*** Opening of SOURCE MATERIAL ***

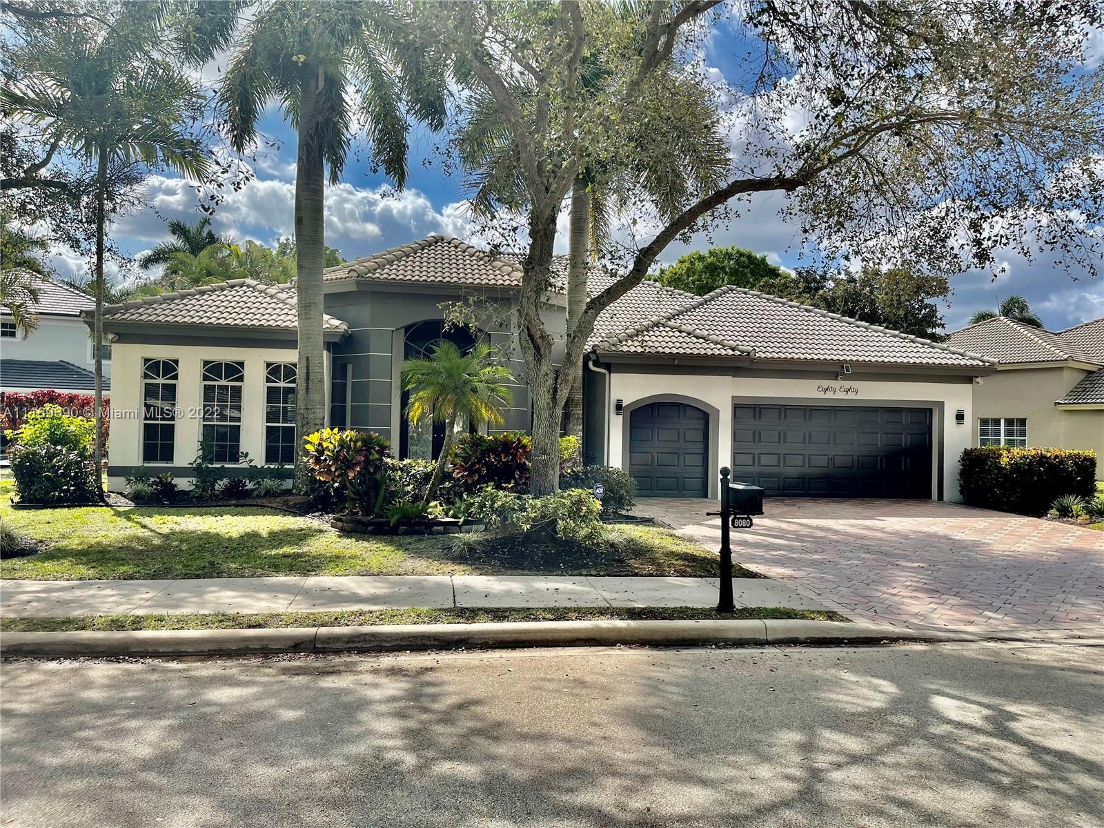 In a quiet cul-de-sac, this beautiful 4 bdrm, 4 bath, pool home boasts endless lake and golf course views of Grande Oaks executive golf course. Fabulous gated-guarded 'Lake Estate at Rolling Hills' is close to NSU and Academic Village in the heart of Davie, and ALL conveniences. A 4-way split bedroom floor plan, 13' ceilings, huge picture windows. Backyard is a tropical paradise, perfect for entertaining with huge patio and pool/spa set away from the house, fenced and with mature landscaping. Elegance at every turn. Inviting kitchen offers wood cabinetry, granite tops, wet bar, center island, newer SS appliances and large pantry. Large neutral tile in social areas and wood laminate flooring in bdrms. 2 full car-garage with hobby zone. HOA-$900/Qtr. incl: Cable, WIFI, Alarm,​​‌​​​​‌​‌​​​​‌‌​‌​​​​‌‌​​‌‌​​‌‌ Gate-guarded
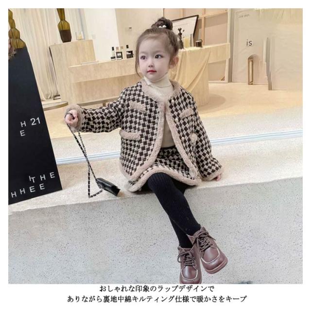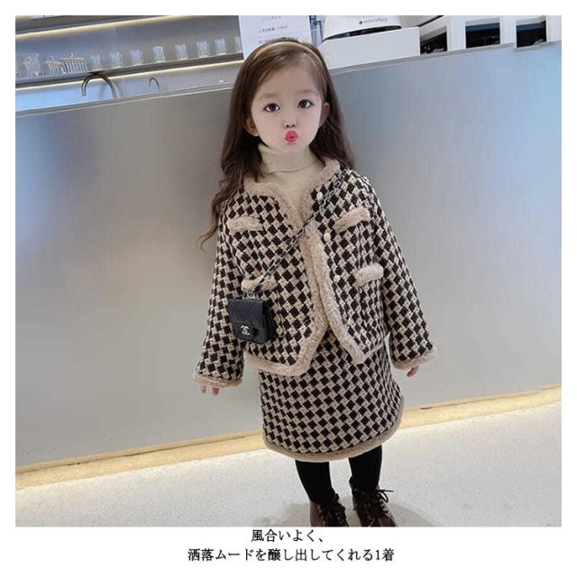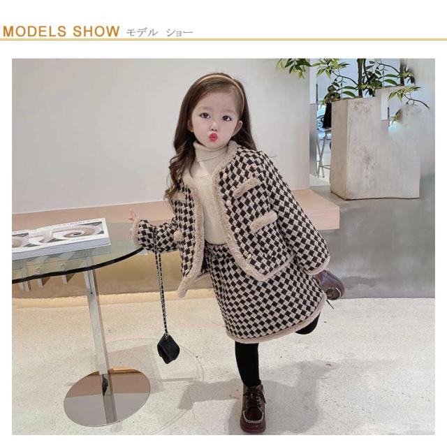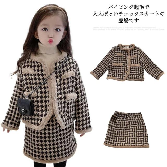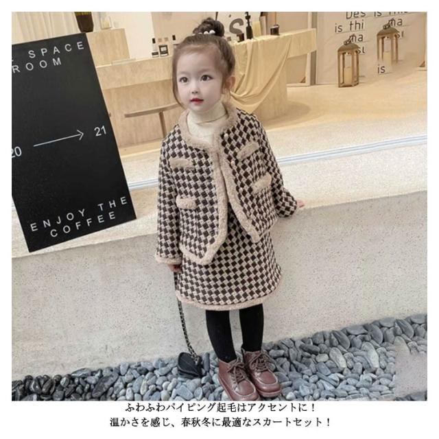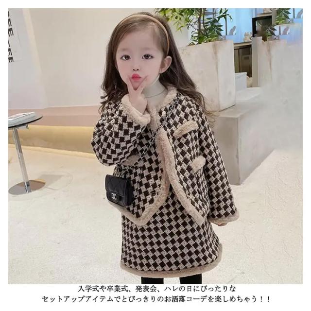 キッズ スーツ 入学式 女の子 起毛 大人ぽっい フォーマルスーツ 韓国子供服 チェック柄 スカート セットアップ ジャケット 長袖 ブラウス ノーカラー 春 秋冬 卒業式 発表会 結婚式 七五三 90 100 110 120 130 140
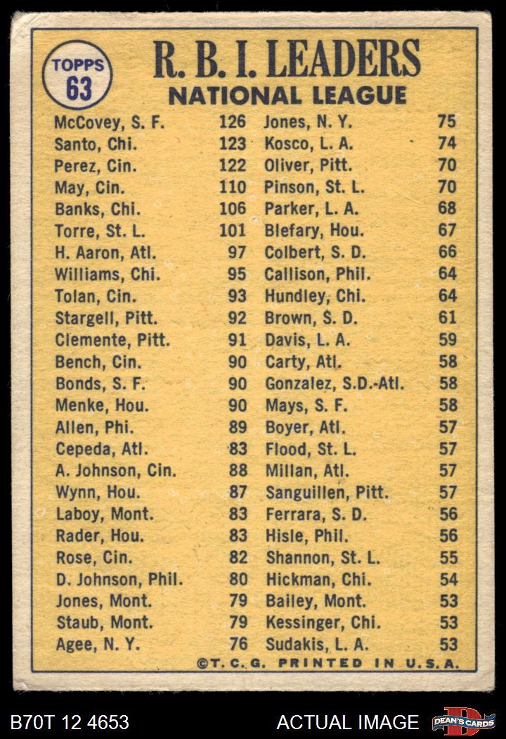 1970 Topps #63 - Willie McCovey / Tony Perez / Ron Santo NL RBI Leaders 1.5 - FAIR

*** Close of SOURCE MATERIAL ***

◆ ACTION ITEM ◆
With the pictures omitted, copy exactly the lines from the line that contains "キッズ スーツ 入学式" through the end of the material.

◆ RESULT OF THIS EXERCISE ◆
 キッズ スーツ 入学式 女の子 起毛 大人ぽっい フォーマルスーツ 韓国子供服 チェック柄 スカート セットアップ ジャケット 長袖 ブラウス ノーカラー 春 秋冬 卒業式 発表会 結婚式 七五三 90 100 110 120 130 140
 1970 Topps #63 - Willie McCovey / Tony Perez / Ron Santo NL RBI Leaders 1.5 - FAIR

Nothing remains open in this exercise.